Segment Open

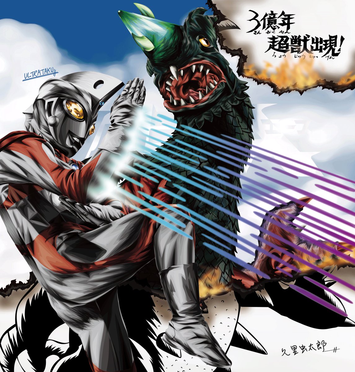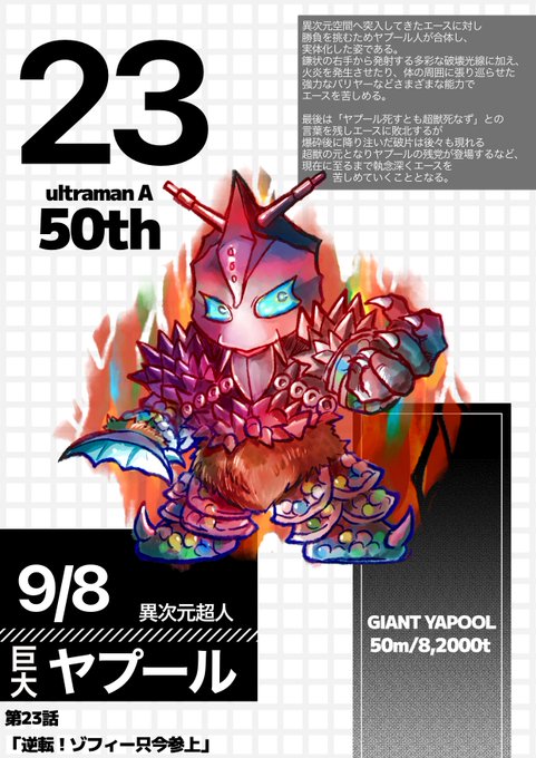 #ウルトラマンA50周年 [太陽の命 エースの命] 50年。 残酷!非道!無慈悲!ムルチ!三枚おろし! ムルチ…テリーマンが新幹線の線路から助けた仔犬くらい唐突&わかりやすい役割を負った登場やな… 何度みても新鮮にグロイ。#ファンアート #ドラゴリー
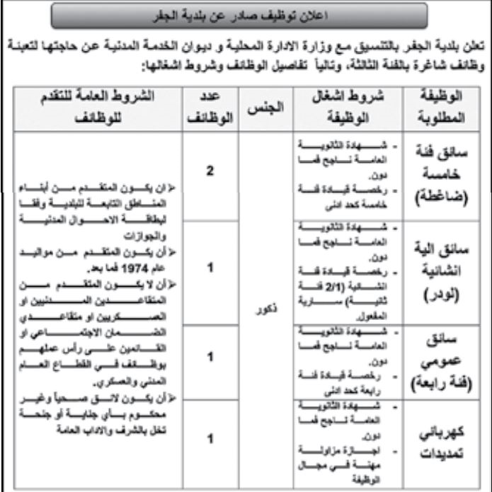 وبين إعلان البلدية أن الوظائف المطلوبة هي ( سائق فئة خامسة، سائق آلية انشائية، سائق عمومي، كهربائي تمديدات).
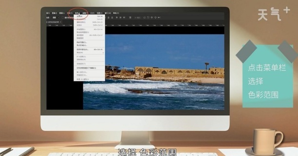 首先用ps打开要抠的图片,然后鼠标点击菜单栏:选择-色彩范围

Segment Closed

▸ WHAT THE EXERCISE ASKS: Please produce an exact copy of all the material, leaving out the pictures.

▸ YOUR SOLUTION:
 #ウルトラマンA50周年 [太陽の命 エースの命] 50年。 残酷!非道!無慈悲!ムルチ!三枚おろし! ムルチ…テリーマンが新幹線の線路から助けた仔犬くらい唐突&わかりやすい役割を負った登場やな… 何度みても新鮮にグロイ。#ファンアート #ドラゴリー
 وبين إعلان البلدية أن الوظائف المطلوبة هي ( سائق فئة خامسة، سائق آلية انشائية، سائق عمومي، كهربائي تمديدات).
 首先用ps打开要抠的图片,然后鼠标点击菜单栏:选择-色彩范围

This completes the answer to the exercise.